General Orders, 1 June 1781
General Orders
Head Quarters New Windsor Friday June 1st 1781.
Parole Countersigns ——
Commanding officers of regiments and brigades are desired to pay particular attention to prevent the soldiers from injuring their hutts when they quit them, and to warn the inhabitants in the vicinity not to meddle with or destroy them.
The six companies of Colonel Van Schaick’s regiment at West Point to be ready to move as soon as the Quarter master General has provided Vessels.
The Regimental Quarter Master to apply to the Quarter master general to know when the vessels will be ready and at what place.1
Varick transcript, DLC:GW.
1. John Singer Dexter, assistant to the adjutant general, kept an orderly book that presents these paragraphs as “After Orders” (DLC: Peter Force Collection).
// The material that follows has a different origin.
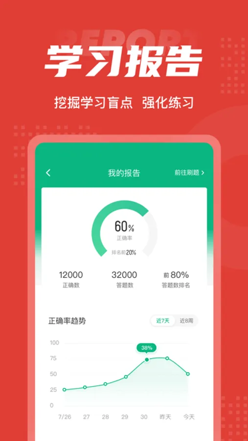 中医灸疗师题库内含考点练习,全国通用卷以及地区卷模拟练习,以及按照固定考试比重的随机式的抽题的真题考场,成绩单实时记录考试数据,一点一滴的反馈考生近期学习状态以及自我正确率的提升,大大的给予考生通过考试的信心。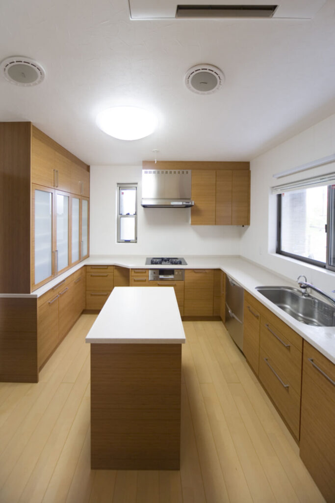 シンクや調理台、コンロなどをU字に配置したキッチン。動線が短く、手の届く範囲に調理器具を集結させることができます。

GW’s aide-de-camp Tench Tilghman wrote Q.M. Gen. Timothy Pickering from headquarters on this date: “You will be pleased immediately to give orders to have Vessels prepared for the transportation of the six Companies of Colo. Van schaicks Regt and Colo. Hazens Regt to Albany—Colo. Van schaicks will embark first—His Quarter Master will wait upon you to know when the Vessels will be ready” (DNA: RG 93, manuscript file no. 26018; the letter is docketed: “Recd & acted upon same Day”). Threats to the New York frontier prompted the dispatch of these troops (see Philip Schuyler’s two letters to GW, 21 May, and James Clinton to GW, 30 May, and n.1).